It has been aimed to identify the receptor on the cortical axons that binds L1Fc and initiates the reversal of Sema3A repulsion to attraction. L1 and/or NP-1 could fulfill this function, as they are both components of the Sema3A receptor complex and both interact in trans with L1 (Castellani et al, 2000). Plexin-A1 may also mediate the reversion of Sema3A as it associates with NP-1 in the Sema3A receptor. Other known L1 ligands, including Ig CAMs F3/contactin and TAG-1/axonin are also candidate receptors for L1Fc. Previous work has indicated that the mutations described above can selectively affect either homophilic binding or heterophilic binding to F3 or axonin-1 (De Angelis et al, 1999). Two of these mutations G121S and A426D reduce homophilic binding and heterophilic binding to F3, axonin-1 and the human homologue of axonin-1, TAX-1. H210Q and E309K affect homophilic or heterophilic binding respectively.
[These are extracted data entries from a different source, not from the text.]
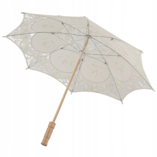2. Powierzchnia parasola wykonana jest z wysokiej jakości koronki, a uchwyt wykonana jest z eukaliptusa.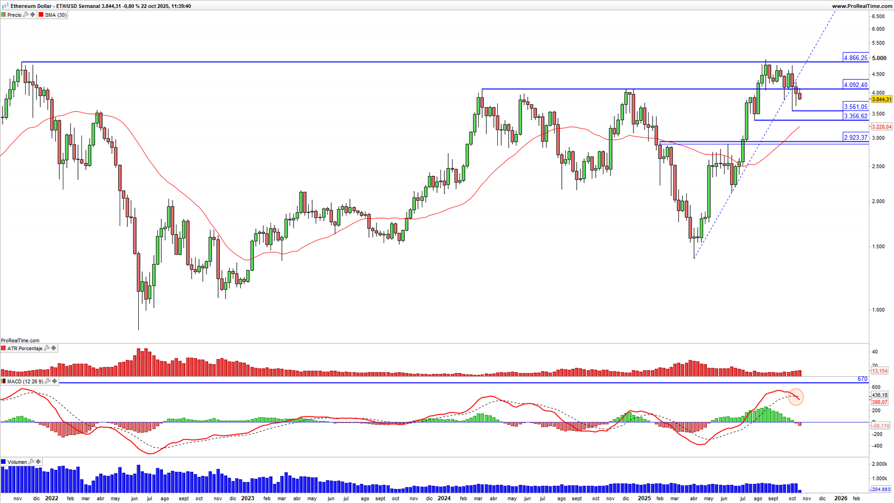 Gráfico 5. Ethereum (ETH) en escala semanal con volatilidad (gráfico central superior), MACD (gráfico central inferior) y actividad de contratación (ventana inferior). Fuente: ProRealTime y elaboración propia.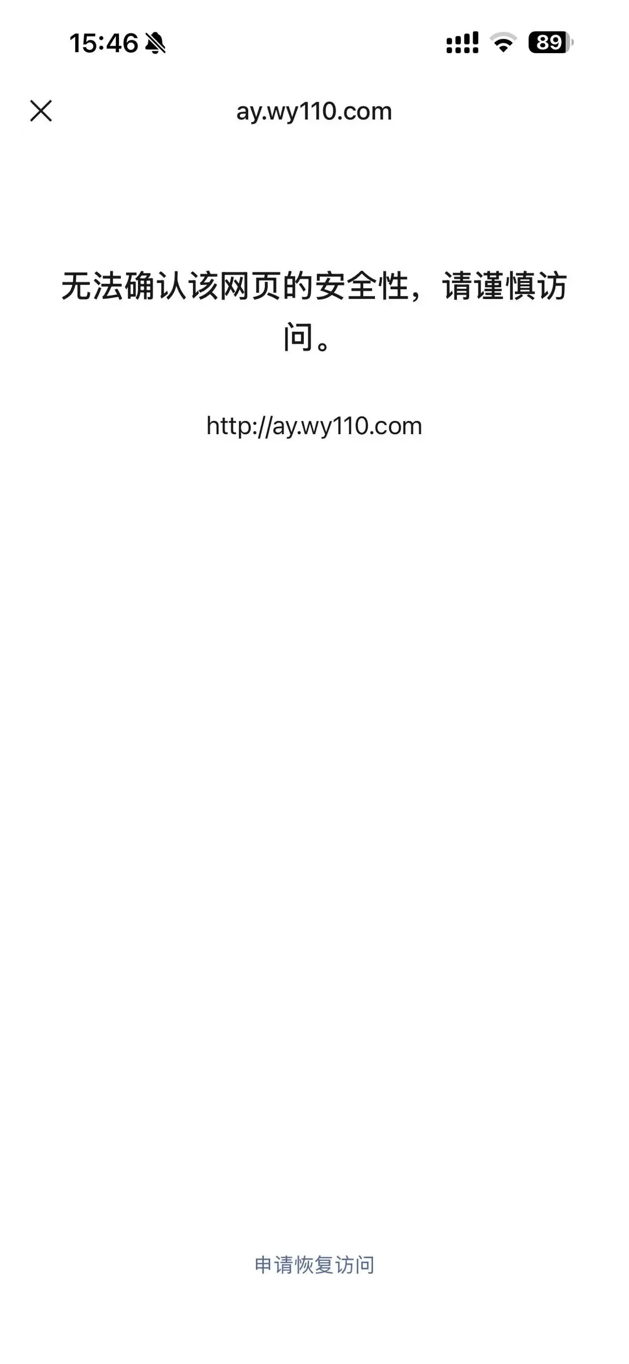 微信访问网站受限?ay.wy110.com 该网站域名已备案,该网站是个人网站测试站无任何违法以及不良行为,麻烦审核员审核一下谢谢了

D598N has a very modest effect on homophilic binding but significantly reduces heterophilic binding to F3 and axonin-1, though not to TAX-1. L120V does not affect homophilic or heterophilic binding. Therefore we were able to compare the ability of the mutated chimeras to reverse the Sema3A repulsion with their binding capabilities.

Example 3

IgCAMs Including L1 are not Axonal Receptors for L1Fc in the Reversion of Sema3A Repulsion

Four mutations (E309K, D598N, A426D and G121S) that were found to alter L1Fc binding to the Ig CAMs F3 and axonin-1switched Sema3A from repulsion to attraction to the same extent as wild type L1Fc. Thus, Ig CAMs F3 and TAG-1 (the rodent homologue of axonin-1) ate unlikely to be axonal receptors for L1Fc in the reversion process. Mutations A426D, H210Q and G121S were previously found to reduce homophilic binding when individual mutant L1Fc proteins were bound to themselves (De Angelis et al.,. 1999). In the present study however, mutated L1Fc proteins were required to interact with wild-type L1 expressed on growth cones. To formally exclude a role for homophilic binding of L1 in the initiation of the reversion process, it was therefore necessary to examine whether homophilic binding of the mutated L1Fc chimeras to wild-type L1 was also disrupted. Mutated L1Fcs were therefore incubated with COS7 cells transfected with full-length wild-type L1 cDNA and binding was assessed by immunofluorescence. In parallel, homophilic binding of mutant/mutant and mutant/wild-type L1Fcs was compared in a two-color FACS aggregation assay, allowing a quantitative assessment to be made (see Methods). Interestingly, the immunofluorescence studies showed that the A426D and H210Q L1Fc chimeras bound to wild-type L1 (FIG. 2A). Similarly, in the two color FACS assay homophilic binding was restored to 74.4% and 90.5% of wild-type levels for A426D and H210Q respectively (FIG. 2B). In contrast, the mutation G121S, almost abolished homophilic binding to wild-type L1 in both assays (FIGS. 2A, 2B). This mutation however still promoted the L1 Fc induced switching of Sema3A repulsion to attraction in the co-culture assay. Thus, the ability of L1Fc to switch Sema3A repulsion is not dependent on homophilic binding. Consequently, the trans interaction of L1Fc with L1 in the receptor complex is not required for the change in growth cone responsiveness to Sema3A. In support of this conclusion we also observed that the L120V mutated L1 Fc, retained 100% homophilic binding capability but failed to reverse Sema3A effect (FIGS. 2A, 2B).

Example 4

NP-1, but not Plexin-A1, is the Axonal Receptor for L1Fc in the Switch of Sema3A Repulsion

To determine whether soluble L1Fc binds plexin-A1, COS7 cells were transiently transfected with a vector encoding Plexin-A1 fused to a VSV-tag (Rohm et al., Mech Dev., 93:95-104, 2000) and incubated with wild-type L1Fc protein. As a positive control, chimeric protein was also incubated with COS7 cells transiently transfected with full-length wild-type L1. Immunodetection of L1Fc with anti-Fc antibodies showed clear binding of the chimera on L1 expressing cells but no binding to Plexin-A1 expressing cells (FIG. 3). Therefore it is unlikely that Plexin-A1 is the axonal binding partner of L1Fc in the switch of Sema3A repulsion to attraction.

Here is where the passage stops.